We can't. It's no accident that China and Japan, for example, have been both producer-driven economies and nations of savers. We have to slowly shift back to being a producer-driven economy. It will be difficult and painful, but we have to spend less and produce more goods and services that other economies around the world want to buy. We also need to replace these other economies as investors in our own economy.

This probably means that the U.S. government needs to identify some key industries that it will nurture as the potential big exporters of the future. There used to be many objections to this sort of "industrial policy," but perhaps now that much of our financial system has been nationalized, such interventions will seem relatively mild. We're already investing in the automobile industry, for example, although I'm not sure that's our best bet for future exports. Tom Friedman is probably correct in saying (in Hot, Flat, and Crowded) that environmental technologies would be one of the best possible industrial policy investments for the U.S.

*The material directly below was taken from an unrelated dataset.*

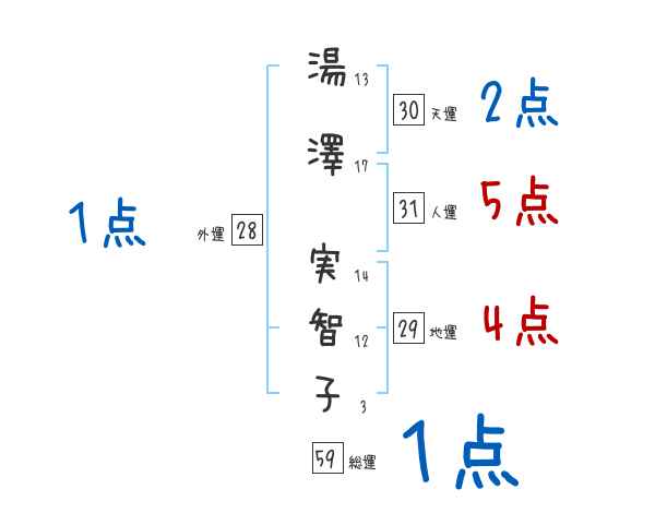 外運![]() | 湯澤実智子さんの外運は28画の1つ星!家庭環境に注意。スポーツで活躍できる能力があるかも。 生活面を象徴する運勢です。外部から受ける影響力を表し、結婚運、家庭運や職場、環境への順応性を表します。 |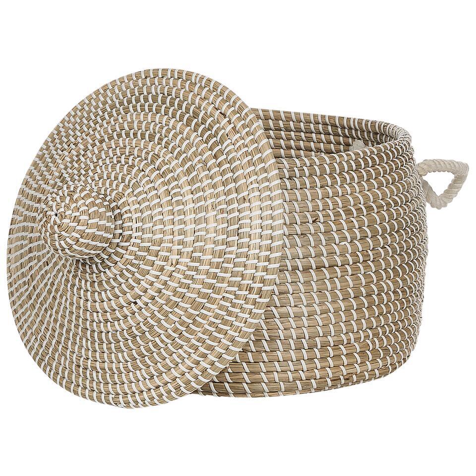 Handgeweven mand met deksel en handvaten. Ontdek het toppunt van stijlvolle organisatie met deze unieke mand. Hij is gemaakt in een natuurlijke tint en combineert functionaliteit met elegantie. De handvatten en deksel zorgen voor een gemakkelijke toegang en een verfijnde uitstraling. Verfraai je interieur met deze mand van zeegras, waar handigheid en natuurlijke elegantie perfect samengaan.

Another attribute of the consumer-driven economy we've built is that we have generally taken the proceeds of our productivity in—you guessed it—increased consumption. This is unlike our European cousins, who have cashed in productivity for leisure. Americans work some of the longest hours in the world, and we don't even have enough time to watch the cool flat-screen TVs we've bought. My guess is that we'd all be happier and more relaxed if we started trading increased productivity for increased time on the beach.

There are many other aspects of our new economic house that need to be renovated, but that would take a book, not a blog post. There need to be more regulation, greater investment in human capital, increased transparency and understandability, better health care at a lower price to the society, and so forth. None of these transitions will be easy. I don't envy the members of the new Council of Economic Advisers!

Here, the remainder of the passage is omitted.